Whereas the shrinking of the dimensions of silicon technology provides more transistors as well as making them go faster and consume less power, it also causes problems with regard to robustness. As stated within this book, a robust system is widely viewed to be *a system that tolerates faults*. We are now dealing with robustness on several fronts. Firstly, with shrinking technology we are now coping with progressively sensitive transistors whose effects have to increasingly be dealt in the design process [Phillips, 2007]. Secondly, the methodologies needed to design advanced silicon chips have not matured at the same rate as the increase in silicon density. This has resulted in a gap between the rate of growth in silicon density (58%) to the rate of increase in transistors implemented per staff-month (21%), commonly referred to as the *design productivity gap* [Rowen, 2002], as illustrated in Fig. 1.2.



Fig. 1.2 Design productivity gap [Rowen, 2002]
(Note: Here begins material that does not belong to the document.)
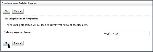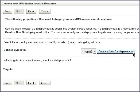 On the next screen, click on Create a New SubDeployment to create a subdeployment for the system module. A subdeployment is the mechanism by which targetable JMS module resources (such as queues, topics, and connection factories) are grouped and targeted to a server resource (such as JMS servers, server instances, or a cluster).

Thirdly, the design problem has changed. More than a decade ago, a single chip represented a component of a system but now the chip can represent the full system itself, hence *system-on-chip*, involving a number of technologies ranging from sensors to technology for receiving data signals. These technologies typically involve different design approaches, and additional care is needed as they can interfere with each other. Lastly, there is also an expectation that electronic devices will not fail, which was a strong selling point over the less reliable mechanical and analog technology. This is increasingly becoming more difficult to achieve as both the technology becomes more unpredictable and the tools lag behind the methodology.
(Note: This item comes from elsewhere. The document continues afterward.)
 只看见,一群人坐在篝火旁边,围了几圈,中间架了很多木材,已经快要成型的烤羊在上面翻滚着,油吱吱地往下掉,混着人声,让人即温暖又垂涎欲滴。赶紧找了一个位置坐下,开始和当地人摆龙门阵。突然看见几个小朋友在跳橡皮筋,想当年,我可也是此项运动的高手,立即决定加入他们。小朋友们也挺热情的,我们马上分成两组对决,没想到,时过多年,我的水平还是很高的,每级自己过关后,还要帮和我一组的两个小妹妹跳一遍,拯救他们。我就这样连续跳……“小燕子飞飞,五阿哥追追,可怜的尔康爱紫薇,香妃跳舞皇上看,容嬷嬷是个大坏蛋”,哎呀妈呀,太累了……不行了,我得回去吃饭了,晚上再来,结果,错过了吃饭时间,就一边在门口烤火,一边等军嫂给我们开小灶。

The purpose of the chapter is to address some of the issues regarding robustness of hardware, specifically digital hardware. The aim is to present an insight and discussion on the elements of digital hardware system design that provide a level of robustness. It starts with a brief discussion of issues of robustness in hardware highlighting increasing device complexity. The chapter then focuses on hardware technologies and describes the characteristics of various types of hardware platforms, namely ASIC, DSP $\mu$ , microprocessors, and FPGA. The description also gives details of their structure and programming model with a particular focus on robustness. The next section covers the types of faults that can occur in silicon hardware and the design and operation techniques available to avoid these faults. The latter sections will then give an overview of the approaches currently available for proving hardware robustness ranging from the highly practical to some of the more exotic solutions. Finally, the chapter will conclude by considering the future problems caused by process variations and the challenges this will create.
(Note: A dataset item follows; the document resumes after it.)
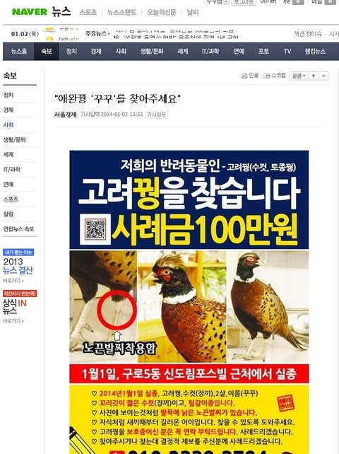 애완꿩 잃어버린 주인의 여자친구입니다.

#### 1.2 Digital Hardware Technologies

In the evolution of silicon technology over the past 40 years, a number of different types of hardware technologies have emerged and can be generally classified as being either ASIC, programmable based designs (DSP $\mu$ , microprocessors), or as FPGAs. A brief description of each is given in Fig. 1.3.

The first offerings were the 74 series logic chips in the 1960s, which were the building block for many "budding techies" up to recently. This was followed by the first microprocessor, the Intel 4004 processor in 1971, which along with microcontrollers have now formed the core for many applications with lower bandwidth requirements. The concept of developing custom large-scale integration (LSI) components emerged in the 1970s, but the development of the programmable logic array (PLA) in 1978 and the first FPGA in 1984 was the start of an increasing interest in programmable hardware structures. Remarkably, this was followed by a renaissance of developing dedicated hardware implementations or ASICs in the late 1980s.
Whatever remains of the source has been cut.